_What you have to do_. From the listing below, give again exactly the lines from the line with "Плюс размер ретро" to the line with "央廣網(wǎng)三明2月1", ends included, without any pictures.

═════ Stored data

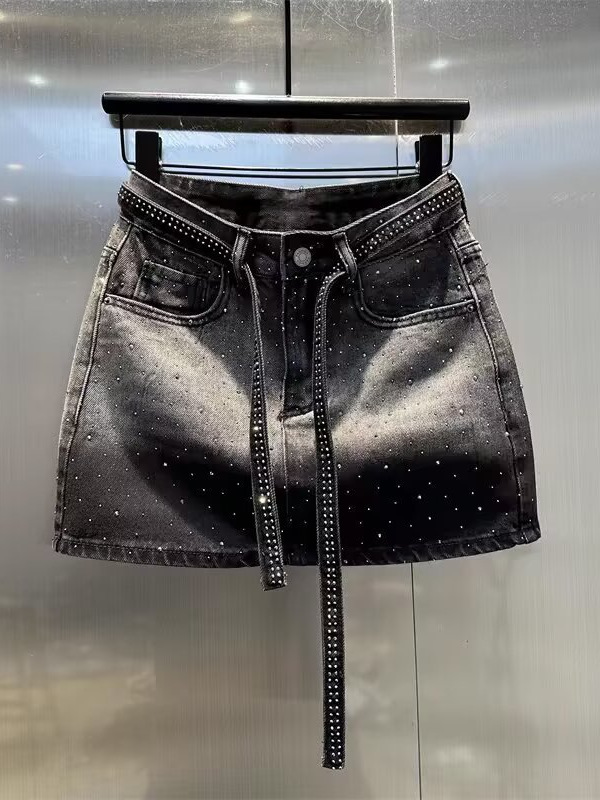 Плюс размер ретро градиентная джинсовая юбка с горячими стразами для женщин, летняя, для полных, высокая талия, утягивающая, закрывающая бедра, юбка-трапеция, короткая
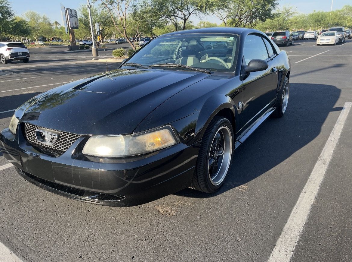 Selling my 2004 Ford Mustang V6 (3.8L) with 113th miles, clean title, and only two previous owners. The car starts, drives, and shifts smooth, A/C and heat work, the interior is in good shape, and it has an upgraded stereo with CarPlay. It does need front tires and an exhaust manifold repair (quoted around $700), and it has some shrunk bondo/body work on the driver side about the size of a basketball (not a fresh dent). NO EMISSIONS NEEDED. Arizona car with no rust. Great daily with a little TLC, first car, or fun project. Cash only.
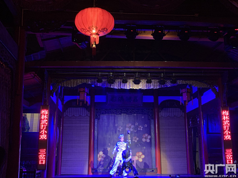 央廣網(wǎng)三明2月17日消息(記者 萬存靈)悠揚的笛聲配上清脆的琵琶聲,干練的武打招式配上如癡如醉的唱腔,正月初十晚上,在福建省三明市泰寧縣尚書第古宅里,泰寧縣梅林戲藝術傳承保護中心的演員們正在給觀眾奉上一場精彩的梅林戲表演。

══════════
═════ Stored data

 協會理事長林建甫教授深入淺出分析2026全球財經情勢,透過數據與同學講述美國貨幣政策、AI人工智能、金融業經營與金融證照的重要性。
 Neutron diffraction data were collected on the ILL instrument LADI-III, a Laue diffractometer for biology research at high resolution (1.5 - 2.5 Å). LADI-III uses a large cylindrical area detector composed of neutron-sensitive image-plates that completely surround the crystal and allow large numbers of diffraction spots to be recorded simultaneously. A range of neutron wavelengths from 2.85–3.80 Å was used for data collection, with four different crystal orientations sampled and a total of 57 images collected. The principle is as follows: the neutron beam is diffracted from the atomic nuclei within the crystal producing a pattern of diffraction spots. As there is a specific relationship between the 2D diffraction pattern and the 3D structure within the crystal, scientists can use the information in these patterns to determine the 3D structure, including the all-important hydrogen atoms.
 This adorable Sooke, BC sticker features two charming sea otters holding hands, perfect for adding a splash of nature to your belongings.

══════════

_Solution_.
 Плюс размер ретро градиентная джинсовая юбка с горячими стразами для женщин, летняя, для полных, высокая талия, утягивающая, закрывающая бедра, юбка-трапеция, короткая
 Selling my 2004 Ford Mustang V6 (3.8L) with 113th miles, clean title, and only two previous owners. The car starts, drives, and shifts smooth, A/C and heat work, the interior is in good shape, and it has an upgraded stereo with CarPlay. It does need front tires and an exhaust manifold repair (quoted around $700), and it has some shrunk bondo/body work on the driver side about the size of a basketball (not a fresh dent). NO EMISSIONS NEEDED. Arizona car with no rust. Great daily with a little TLC, first car, or fun project. Cash only.
 央廣網(wǎng)三明2月17日消息(記者 萬存靈)悠揚的笛聲配上清脆的琵琶聲,干練的武打招式配上如癡如醉的唱腔,正月初十晚上,在福建省三明市泰寧縣尚書第古宅里,泰寧縣梅林戲藝術傳承保護中心的演員們正在給觀眾奉上一場精彩的梅林戲表演。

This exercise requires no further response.